Coaching for worship ministries

Helping worship leaders, musicians and technicians take their ministry from good to great.

How To Conduct Soundchecks Without Initiating World War III

As I arrived at the church I'd been invited to play at, I was greeted by the sound engineer, Dave McGrumpypants (*not his real name) announcing that us musicians are all the same, and asserting in not so many words that his job was to whip us into shape, much like a wrangler 'breaking' a wild horse. 

It seems sometimes that the sound desk acts as a significant barrier. Like a boundary between cultures, it separates the artists, being all flaky and ethereal on the platform, from the brilliantly-minded yet socially-awkward grunting technician.

All too often, the arguments stem from a perceived 'power struggle'. At face value, this isn't unreasonable... from the band's point of view, the sound engineer is there to serve the worship leader's vision, mix their monitors, and make them sound as good as possible. From the engineer's point of view, there's a specific list of tasks that need to be completed, and dealing with egos isn't on the list.

It doesn't have to be this way! We can all get along if we can establish some clarity around process.

I love running the sound desk. I believe that my role is to love the platform team by being the best sound engineer I can be. (You can read more of my thoughts about this in my article "Are Your Worship Technicians Making This Critical Mistake?") So a lot of my time behind the sound desk is spent ensuring that the platform team can hear what they need to, to perform their roles. But I also need to show leadership so that we get through soundcheck quickly and effectively.

I also love leading worship or musically directing the band. I show leadership by taking the band through rehearsal, but if I fail to defer to the sound engineer to run the soundcheck then I may face frustration when my monitor mix sounds sub-optimal!

So at some points the worship leader holds authority, and at other times the sound engineer does.

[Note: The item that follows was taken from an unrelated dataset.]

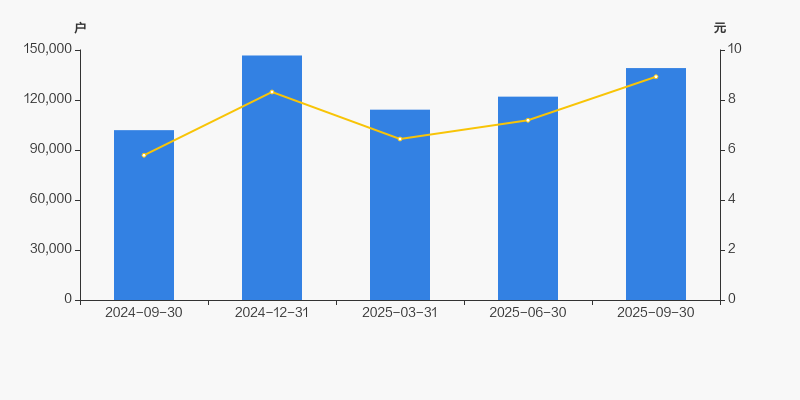 2024年9月30日至今,公司股东户数显著增长,区间涨幅为36.55%。2024年9月30日至2025年9月30日区间股价上涨54.23%。

At my church, or when I'm travelling, I try to establish this process:

Who has authority  
Worship leader Before anything happens, the worship team and sound engineer huddle together and pray as a group. We're all on the same team. Anything 'visionary' that needs to be shared by the worship leader is heard by everyone together. Then the worship leader relinquishes control to the sound engineer who returns to the sound desk.
Sound engineer The sound engineer runs through line checks to make sure everything is plugged in correctly and audio reaching the sound desk. This involves speaking to the band, asking one person at a time to play or sing.
Sound engineer If the band have in-ear monitors, the sound engineer then speaks to each person individually through their IEMs to ensure everyone's got the right pack and they're all receiving the correct signal. (This has saved so much time by identifying accidental pack swaps or patching mistakes!)
Sound engineer The sound engineer builds a quick starting mix for each monitor (by eye) and checks that everyone can hear enough of themselves in order to run a song. At this point they hand back to the worship leader.
Worship leader Asks the band to play/sing part of a song. Something familiar enough that the band aren't focussed on how to play, and can think about what they're hearing. After a verse+chorus (or a suitable length bit of song) they hand back to the sound engineer.
Sound engineer The sound engineer works through each person in turn, asking them what adjustments they need in their monitor. Once this is finished, they hand back to the worship leader.
Worship leader The rehearsal can now run through from beginning to end, although the WL might check in with musicians after the next couple of songs to see if further tweaks are required. If so, they hand back to the sound engineer for monitor adjustments.
During the rest of rehearsal, the sound engineer is free to adjust the front of house mix – EQ, dynamic processing, FX and levels – but paying attention to any further monitor requests from the stage.

This process works 9 times out of 10. Most importantly, there's mutual respect, and everyone knows who's "in charge" at each moment, as long as communication is clear. If I'm on the sound desk I'll literally hand over by saying "OK <name>, back to you" which makes me feel like a TV reporter saying "back to you in the studio". It's the little things. 

If I'm on sound, I'll also make a point of checking in at the end of rehearsal, just to make sure everyone's happy. It's a disappointing feeling as a musician to finish a service thinking "well I'm glad that's over, my sound was terrible" without having done anything about it. This final check-in before a service gives an opportunity for any last minute tweaks.

Takeaway: having a clear process can smooth over a lot of roadbumps.